Gigabyte GeForce GTX 750 Ti OC low profile, 2GB GDDR5, DVI, 2x HDMI, DisplayPort (GV-N75TOC-2GL) Preisvergleich | Geizhals Deutschland 125€ => Low Profile-Karte, für das Gehäuse ein "muss"
SilverStone Strider Series 300W SFX12V (SST-ST30SF) Preisvergleich | Geizhals Deutschland => 50€
EKL Alpenföhn Silvretta (84000000096) Preisvergleich | Geizhals Deutschland 20€ als CPU-Kühler
Und als Laufwerk musst du dann wissen, ob du vlt. eher 1000GB HDD für 45-50€ nimmst oder eine SSD mit 120GB oder 256GB für ca. 50€ bzw. 90-100€. DVD-LW kostet ca 15€ als Brenner.

Zusammen sind das dann ca. 460-520€ je nach genauer Wahl.


Du kannst natürlich auch ein größeres, aber weiterhin "kleines" Gehäuse nehmen, wo man keine low-profile-Karte braucht, dann hast du da schon wieder 10€ gespart, weil dann günstigere Karten verfügbar sind.


----------



## Golgomaph (25. November 2015)

Alles klar, aus deiner Zusammenstellung werde ich einiges übernehmen. 300 Watt reichen aus?
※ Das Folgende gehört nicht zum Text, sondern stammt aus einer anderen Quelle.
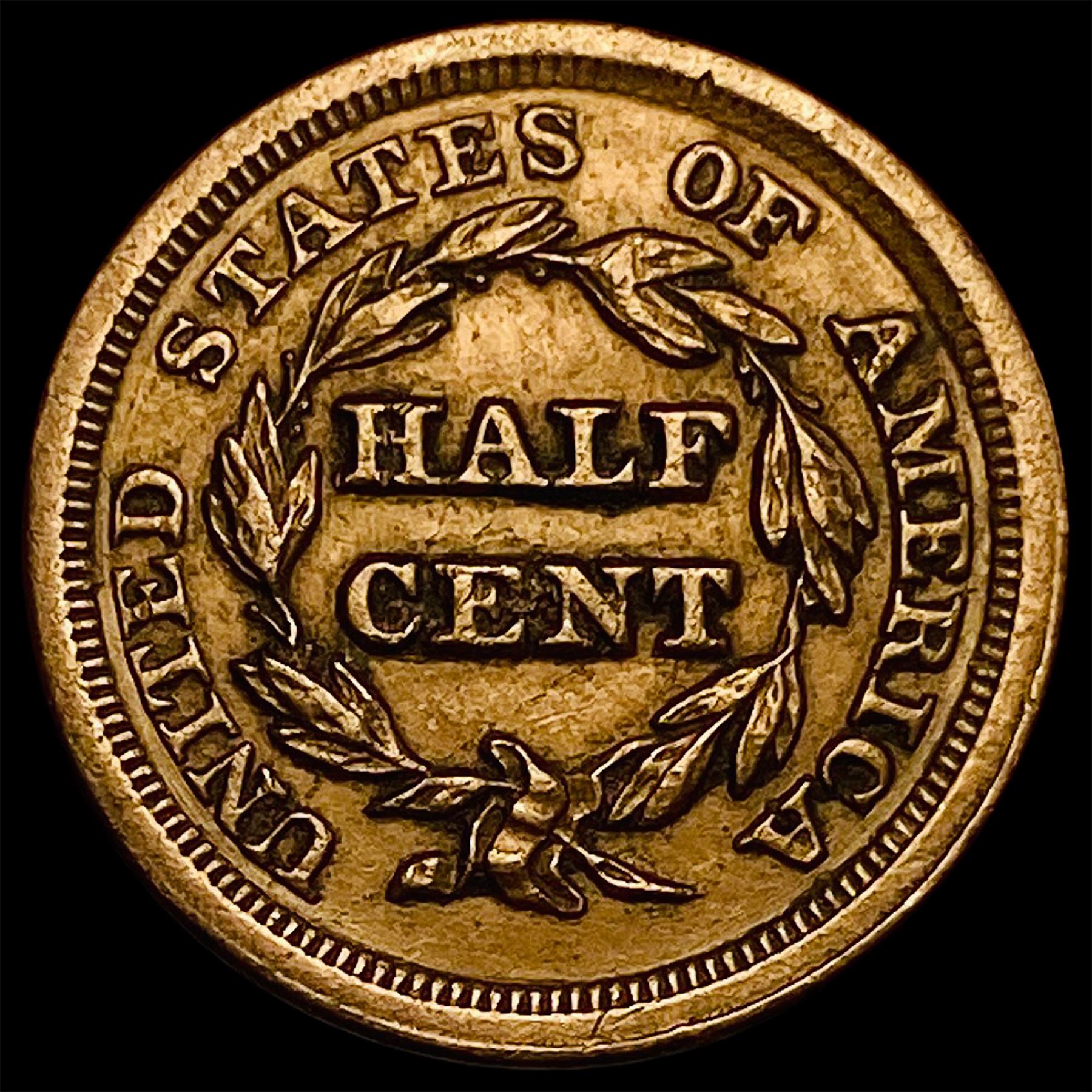 1853 Braided Hair Half Cent CLOSELY UNCIRCULATED

Wie sieht´s denn aus wenn man vielleicht noch eine Festplatte ergänzt, macht das einen großen Unterschied Stromverbrauchstechnisch?


----------



## Herbboy (25. November 2015)

Golgomaph schrieb:


> Alles klar, aus deiner Zusammenstellung werde ich einiges übernehmen. 300 Watt reichen aus? Wie sieht´s denn aus wenn man vielleicht noch eine Festplatte ergänzt, macht das einen großen Unterschied Stromverbrauchstechnisch?


Die LowProfile GTX 750 Ti kommt ganz ohne Zusatzstecker aus, die zieht also maximal 75W. Die CPU mit Board vlt 120W bei absoluter Vollast. Laufwerke&co - da bleibst du bei unter 250W. Und die 300W sind eh eine "konservative" Angabe, was man dem Netzteil dauerhaft zumuten sollte - das leistet an sich aber mehr. Rechnerisch die drei Schienen zusammen sogar 430W, die "combined" Power für 3,3+5V gibt Silverstone mit 103W an, die von 12V mit 264W. Allein das macht an sich schon über 350W. 
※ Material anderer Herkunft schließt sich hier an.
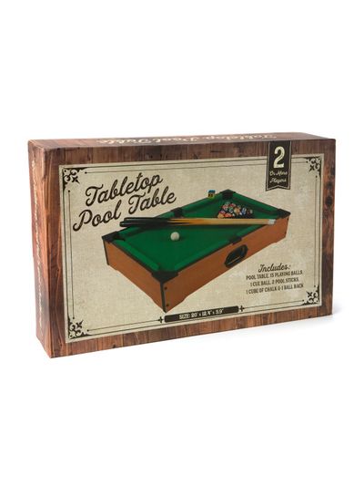 Klasikinis stalo žaidimas TABLE TOP POOL TABLE. Šiame kompaktiškame rinkinyje rasite viską, ko reikia, kad galėtumėte iškart žaisti.

Wegen ner zweiten HDD: ich bin nicht ganz sicher, ob in das Gehäuse JE 1x 2,5 und 3,5 geht oder nur 1x 2,5 ODER 3,5. Aber wenn du da noch was einbaust: ne HHD mit 7200 U/Min und 1000-2000GB zieht normalerweise nicht mal 10W.


----------



## Golgomaph (25. November 2015)

Alles klar, danke Dir!


----------



## McDrake (25. November 2015)

Noch ein kleiner Tipp meinerseits:
Wenn Du wirklich viel mit Bild-Videobearbeitung machts, ist ein zweiter Monitor einfach genial.
Den bessern Monitor fürs Bild nehmen und den weniger guten um die Tools zu platzieren.

Weiss allerdings nicht, inwiefern das mit der Graka zu tun hat.
Ich nehme an, dass ein doppelter Desktop von jeder Grafikkarte stemmbar ist, oder?


----------



## Loosa (25. November 2015)

Es kommt wirklich darauf an was du grafisch vorhast. Bei Bildern für's Internet brauchst du nicht viel Power. Wenn du aber höher aufgelöste Fotos bearbeiten willst geht das schnell auf die Leistung. Ich würde auf jeden Fall mal nach Empfehlungen suchen für die Software die du tatsächlich benutzen willst.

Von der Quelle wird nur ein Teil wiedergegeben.